You are here: PSPad forum > English discussion forum > Re: delete duplicate "huge" lines

Re: delete duplicate "huge" lines

#1 delete duplicate "huge" lines

Posted by: maki | Date: 2014-12-29 01:31 | IP: IP Logged

How to delete duplicate lines:

File utf-8
284 MB (~28 million lines)
None of the best editors 64-bit did not perform the task. Extremely slow and non-stop freezing.
I think that in PowerShell was able to, but I need a "tested" code to remove duplicates

After removing the duplicates should be reduced to around ~300k lines.

Do you have a good idea? sad smiley
delete duplicate

"-number" or "number"

image

Edited 4 time(s). Last edit at 2014-12-29 01:35 by maki.

Options: Reply | Quote | Up ^


#2 Re: delete duplicate "huge" lines

Posted by: Freeman | Date: 2014-12-29 06:48 | IP: IP Logged

Make duplicate line unique via sed script. You can download sed for Windows from the projects like UnxUtils. It is not clear uniqueness in the terms of RBMS, but usable as a rough process. After it, you can use PSPad on shrunk file.

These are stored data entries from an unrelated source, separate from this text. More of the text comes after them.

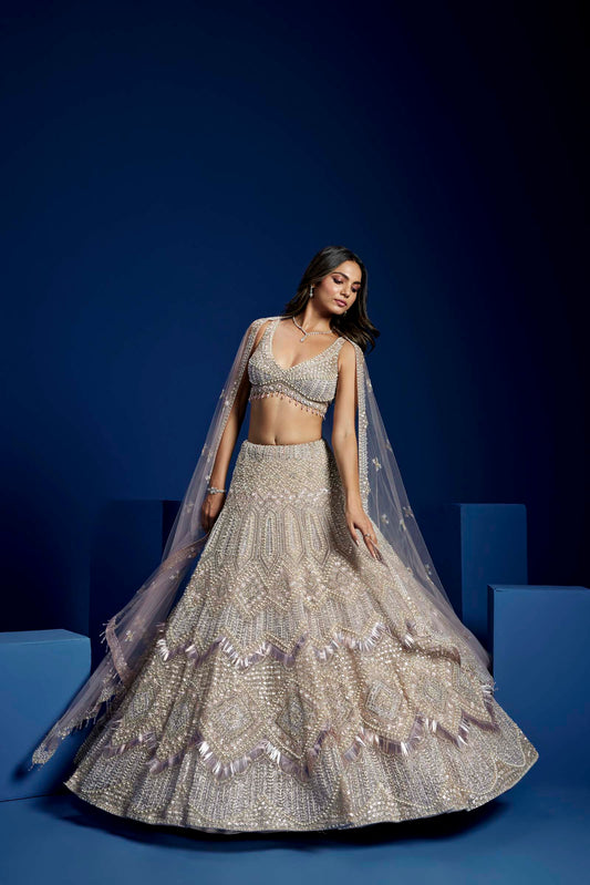 SILVER AND MAUVE ALESSIA LEHENGA SET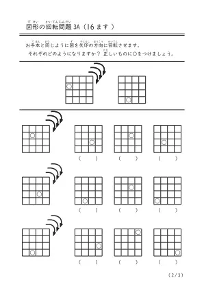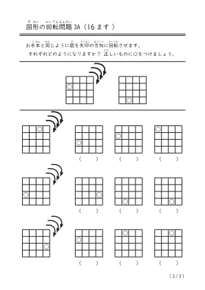 16ますの図を右方向に3回転させたら向きがどうなるかを頭の中で考えて答える図形問題です。幼児だけでなく中学生にもなっても役立つ空間認識力です。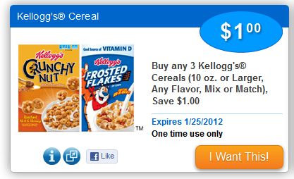 Use the $1/3 Kellogg’s Cereals coupon PRINT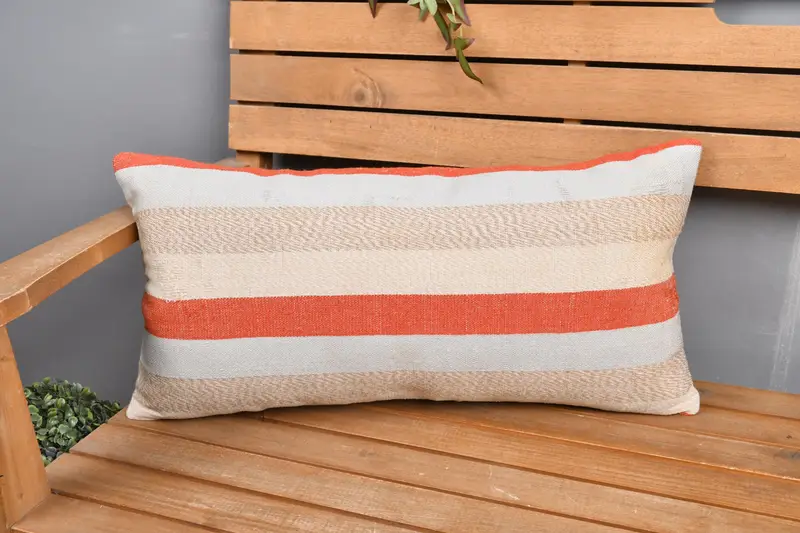 Almohada de rayas beige y roja bordada, almohada de tiro vintage hecha a mano

Options: Reply | Quote | Up ^


#3 Re: delete duplicate "huge" lines

Posted by: maki | Date: 2014-12-29 11:34 | IP: IP Logged

PSPad - Not work regex (error in the search)

Notepad++ - work!

Remove duplicate:
^(.*?)$\s+?^(?=.*^\1$)

Edited 2 time(s). Last edit at 2014-12-29 11:34 by maki.

Options: Reply | Quote | Up ^


#4 Re: delete duplicate "huge" lines

Posted by: pspad | Date: 2014-12-29 12:04 | IP: IP Logged

Why do you remove duplicate lines using regular expression?

Options: Reply | Quote | Up ^


#5 Re: delete duplicate "huge" lines

Posted by: maki | Date: 2014-12-29 12:36 | IP: IP Logged

Just a moment ago I had the idea of regex.

But I found another solution that works super-fast (a few seconds) and effectively

Polish/English software:
Duplicate Finder 1.4
onedrive.live.com

Options: Reply | Quote | Up ^


#6 Re: delete duplicate "huge" lines

Posted by: pspad | Date: 2014-12-29 12:38 | IP: IP Logged

Please make a difference between universal text editor and specialized software with one purpose.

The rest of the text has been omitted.